IN 1947, STEFAN JĘDRYCHOWSKI, a communist veteran, member of the Polish Politburo, and minister in the government, wrote a memo to his colleagues on a subject close to his heart. Somewhat pompously entitled “Notes on Anglo-Saxon Propaganda,” the memo complained, among other things, that British and American news services were more influential in Poland than their Soviet and Polish equivalents; that American films were too warmly reviewed; and that American fashions were too readily available. He firmly suggested that Soviet fashions be more prominently displayed and advertised, that strict limits be placed on the British Council and other organizations which taught English in Poland, and that the activities of Western embassies be more closely monitored.

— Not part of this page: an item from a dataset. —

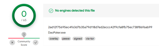 La aplicación troyanizada y los binarios de ElectroRAT se detectan poco o no se detectan por completo en VirusTotal en el momento de escribir este artículo. La Figura 12 muestra la tasa de detección de la aplicación DaoPoker firmada en VirusTotal.

But above all, Jędrychowski was annoyed by the apparent clout of Polska YMCA, the Polish section of the Young Men’s Christian Association, an organization founded in Warsaw in 1923 and then banned by Hitler. In
April 1945 Polska YMCA had restarted itself with some help from the international YMCA headquarters in Geneva and a good deal of local enthusiasm. The YMCA was avowedly apolitical. Its main tasks in Poland were the distribution of foreign aid—clothes, books, food—and the provision of activities and classes for young people. Jędrychowski suspected ulterior motives, however. The YMCA’s propaganda, he wrote, was conducted “carefully … avoiding direct political accents,” which of course made it more dangerous. He recommended that Comrade
Stanisław Radkiewicz, the minister of state security, conduct a financial audit of the organization and monitor carefully which publications were being made available and which kinds of courses were being taught.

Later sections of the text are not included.